LegalCrystal Citation
CourtCustoms Excise and Service Tax Appellate Tribunal CESTAT Delhi
Decided On
Reported in(1983)LC762DTri(Delhi)
AppellantCopper Rollers Pvt. Ltd.
RespondentCollector of Central Excise
Excerpt:
.....the appellants then took the stand that the entry exempted only copper cylinders and that the word "copper" qualified both rollers and cylinders while the word "engraved" qualified only rollers. the appellents then went on to argue that rollers and cylinders were two distinct products as was clear from the affidavits of textile mills filed by the appellants before the appellate collector. these affidavits stated that at the unengraved stage, the goods were known as cylinders. after engraving they were known as rollers. the department did not file any counter to these affidavits. on the contrary, the impugned order-in-appeal admitted that engraved copper rollers and cylinders were two distinct products. the appellants argued further that no word was redundant in any legislation and.....
Judgment:
2. The appellants manufacture polished copper cylinders which after engraving with the desired design are used for printing of textiles.

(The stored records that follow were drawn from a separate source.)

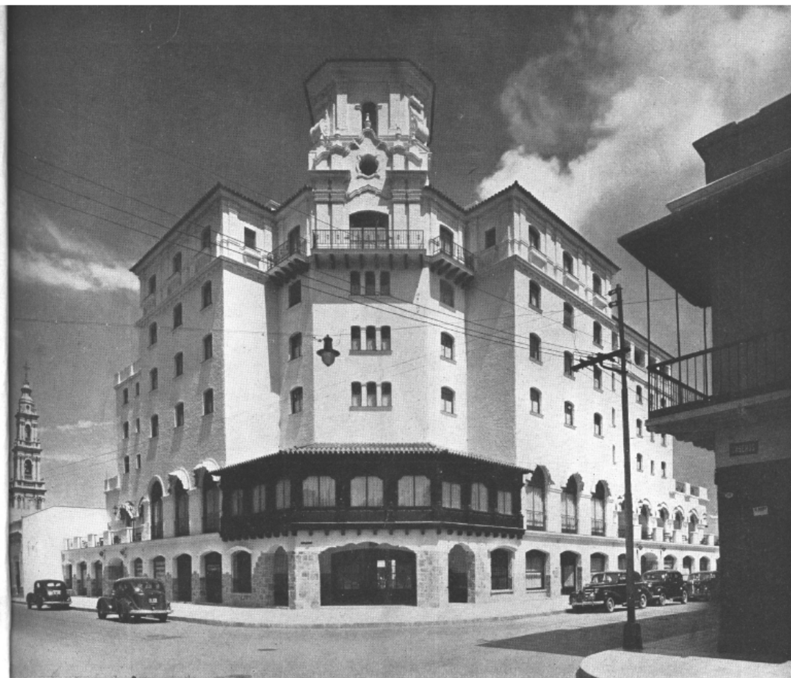
Fachada. — Zócalo de piedra salteña. Balcón cerrado de la ochava, de madera dura; techos de tejas coloniales

septiembre de 1942. Es decir, el GH fue el resultado de creciente interés estatal por regular y promocionar el turismo por parte de los gobiernos conservadores durante los años treinta (Rodríguez Buscia, 2022). Producto de dicho proceso y en el marco de una lógica continuista, la preocupación pública por organizar el turismo adquiriría mayor relevancia durante el periodo peronista. Así pues, el GH rápidamente fue considerado uno de los edificios más emblemáticos de la ciudad y uno de los activos más valiosos de la provincia.[5]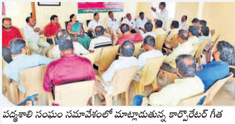
వడ్డూరి సంఘం సమావేశంలో మాట్లాడుతున్న కార్పొరేటర్ గోత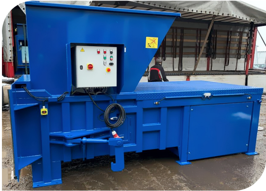
VSP 50 LR мусороперегрузочный пресс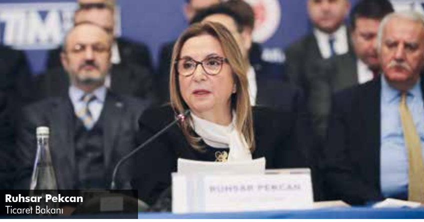
Ruhsar Pekcan Ticaret Bakanı

ğini söyleyen Bakan Pekcan, böylece ihracatın ithalatı karşılama oranının 8,2 puan artışla yüzde 75,3'e yükseldiğini bildirdi. 2019 yılında ihracatın ithalatı karşılama oranında bu yükselmenin süreceğini ifade eden Pekcan, "Hedefimiz, ülkemizin dünya ile ticari ilişkilerini uzun vadede dengeli bir yapıya kavuşturmak. Böylece ülkemizin dış finansman ihtiyacını kademe kademe azaltmaktır." diye konuştu.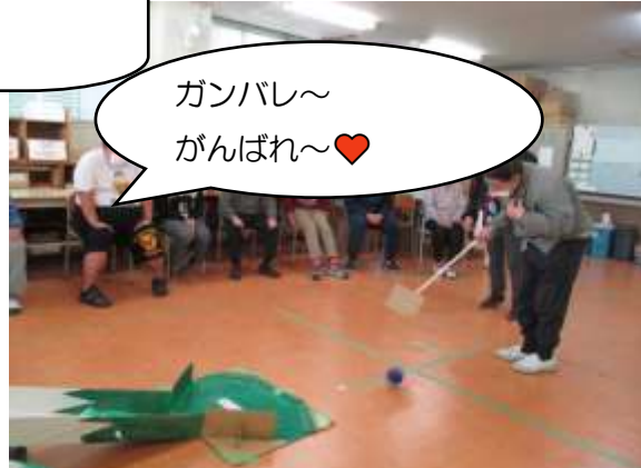
ガンバレ～ がんばれ～❤️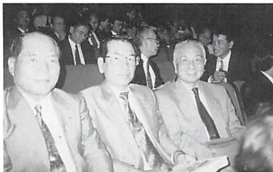
右から齋藤会長、竹ノ内税制委員長、石井事務局長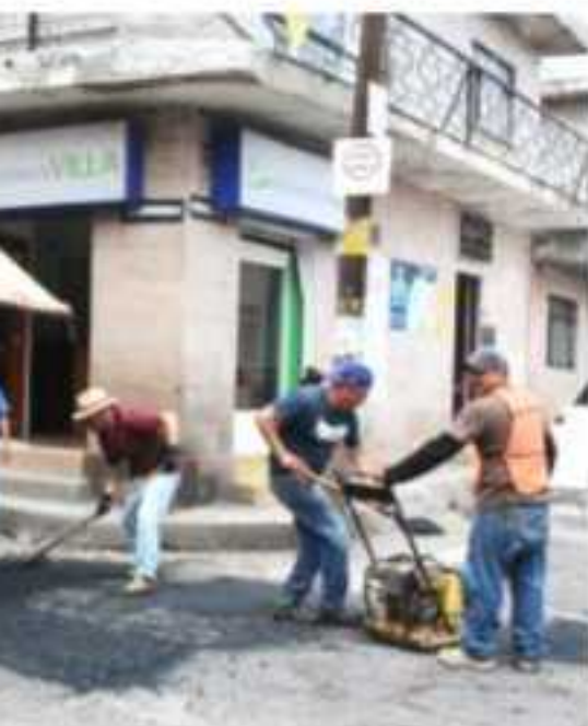
Las calles están siendo objeto de bacheo, ello particular en esta temporada.

Se realiza de manera provisional con diferentes puntos del municipio, con la finalidad de mantener en buen estado las calles y evitar problemas de tránsito a consecuencia del temporal de lluvias.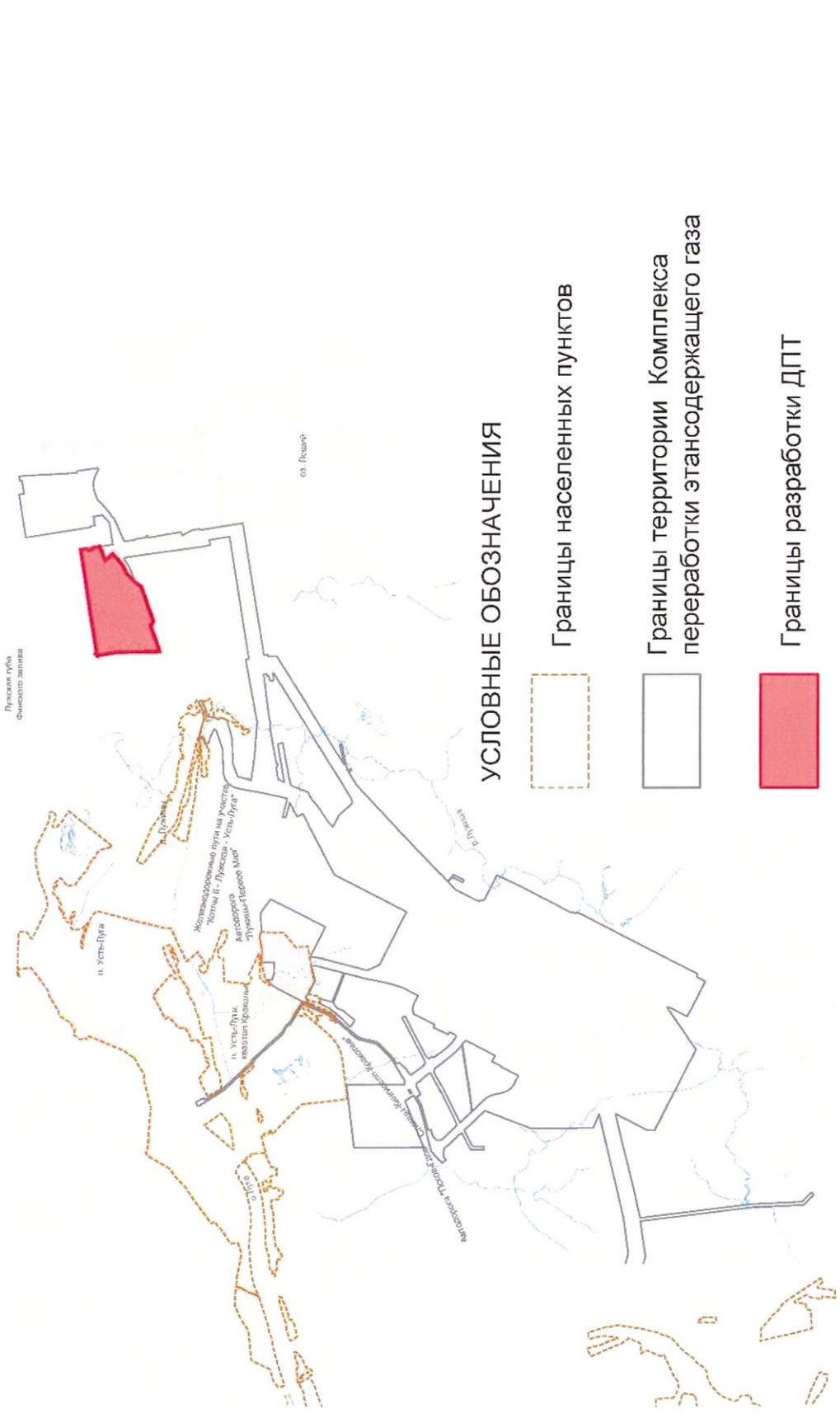
Схема границ территории проектирования

Граница территории, применительно к которой осуществляется подготовка документации по планировке территории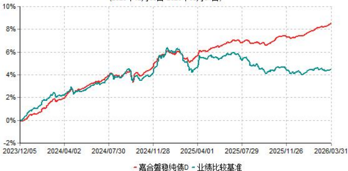
嘉合磐稳纯债D累计净值增长率与业绩比较基准收益率历史走势对比图 (2023年12月05日-2026年03月31日)

注：本基金于2023年12月05日增设D类基金份额，D类基金份额实际存续从2023年12月05日开始。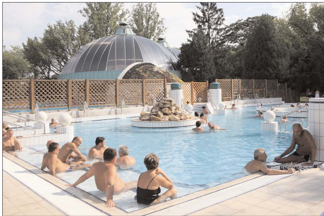
Számos szabadidős, illetve sportlétesítmény újult – vagy újul – meg a városban az idei esztendőben: a termálfürdő, a felsővárosi sportkomplexum, valamint a Városi Stadion tartoznak ebbe a sorba. Ezekről a beruházásokról, illetve rekonstrukciós munkákról ezen az oldalon bővebben is olvashatnak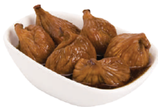
DEMETRA FICHI AL MARASCHINO 650G 27048 - VASO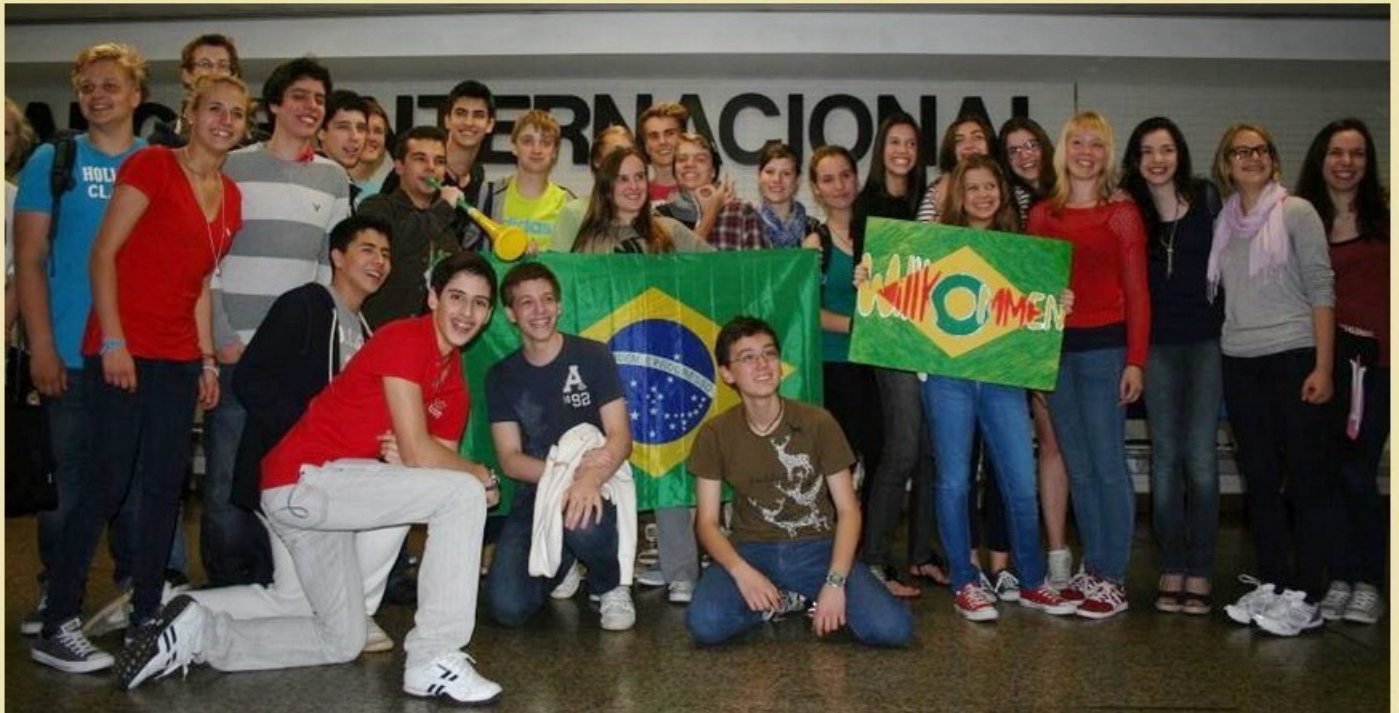
15 Stunden später: Freundlicher Empfang am Flughafen Guarulhos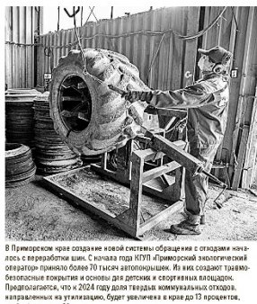
В Приморье в настоящее время перерабатывают более 70 тысяч автокрышек в год. Это позволяет уменьшить количество отходов и использовать полученную крошку в различных целях.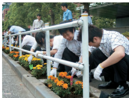
シャベルを手に、マリーゴールドを植えます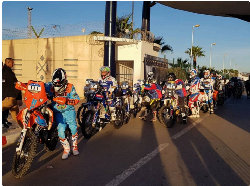
prêts à l'embarquement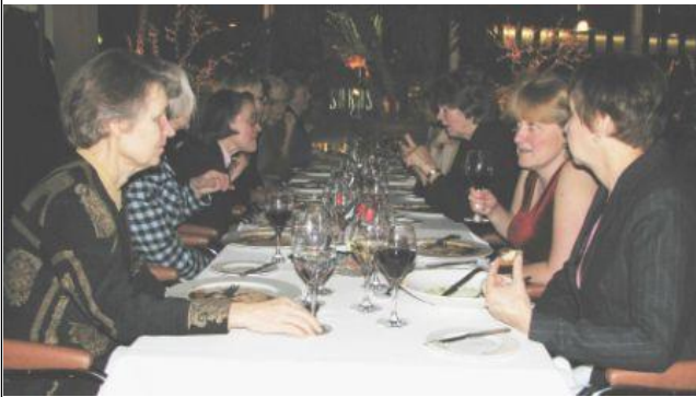
Juhlailillisella ravintola Lasipalatsissa.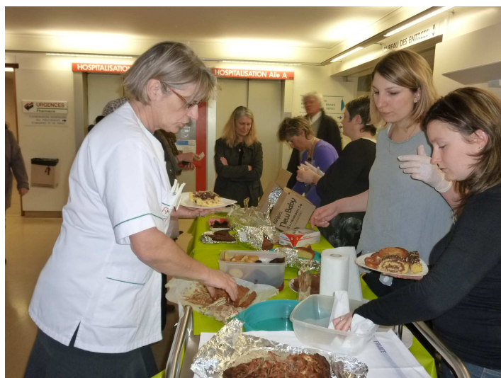
Affluence devant le stand de gâteaux maison !

Prochaine action : une soirée dansante en fin d'année 2012.

There is no dispute that at the time of their clearance from the appellants' factory the subject cylinders are not engraved. The dispute is whether such cylinders are entitled to exemption from central excise duty under entry No. 21 of notification No. 55/75-C.E. which reads as under : - "21. Engraved copper rollers or cylinders for use in textile industry." 3. The appellants argued that the word "or" is disjunctive and it does not mean "and" (AIR 1974 SC 686). Accordingly, they stated that the words "Engraved copper" qualified only rollers and not cylinders. At this, the Department's representative pointed out that the interpretation placed by the appellants on the entry would mean that all types of cylinders used in textile industry were exempt under the entry. He added that the textile industry used cylinders of various types, those made of wood (in calendering machine), of steel (in dyeing machine), of copper (in printing machine) and so on. He maintained that such a wide meaning would be out of context of the entry and that the context required only rollers and cylinders used in printing process by textile industsy to be covered by the entry. The appellants then took the stand that the entry exempted only copper cylinders and that the word "copper" qualified both rollers and cylinders while the word "Engraved" qualified only rollers. The appellents then went on to argue that rollers and cylinders were two distinct products as was clear from the affidavits of textile mills filed by the appellants before the Appellate Collector. These affidavits stated that at the unengraved stage, the goods were known as cylinders. After engraving they were known as rollers. The Department did not file any counter to these affidavits. On the contrary, the impugned Order-in-Appeal admitted that engraved copper rollers and cylinders were two distinct products. The appellants argued further that no word was redundant in any legislation and each word had to be given its proper meaning. If the intention was to give an identical meaning to rollers and cylinders, there was no need to use both the words. Admitting, that in the un-engraved form in which the cylinders were cleared from the appellants' factory they were not usable by textile industry, the appellants stated that in order to give a reasonable meaning to the entry it should be construed to mean that it covered cylinders to be engraved for use in textile industry.

4. The Department's representative relied on the Supreme Court judgment in Rainbow Steels Ltd. v. Commissioner of Sales Tax, U.P. (2 SCR 1981 727). In this case, the Supreme Court, while interpreting the entry "old, discarded, unserviceable or obsolete machinery", held that the principle of nocitur a sociis was applicable in that case and that this principle was explained in Maxwell on the Interpretation of Statutes (12th Edition) at page 289 thus : - "Where two or more words which are susceptible of analogous meaning are coupled together, nocitur a sociis, they are understood to be used in their cognate sense. They take, as it were, their colour from each other, the meaning of the more general being restricted to a sense analogous to that of the less general." The Department's representative explained that the words "rollers" and "cylinders" in entry 21 of the notification similarly took colour from each other and were susceptible of analogous meaning. Even in common parlance, the two words meant the same thing. The dictionary defined roller as a cylinderical shaped object. By way of giving background to the inclusion of entry 21 in the exemption notification, he stated that this was done on the representation of the Engravers Association. The engravers were skilled craftsmen operating on job work basis and it was to save them from the burden and formalities of excise duty that entry 21 came to be included in the notification.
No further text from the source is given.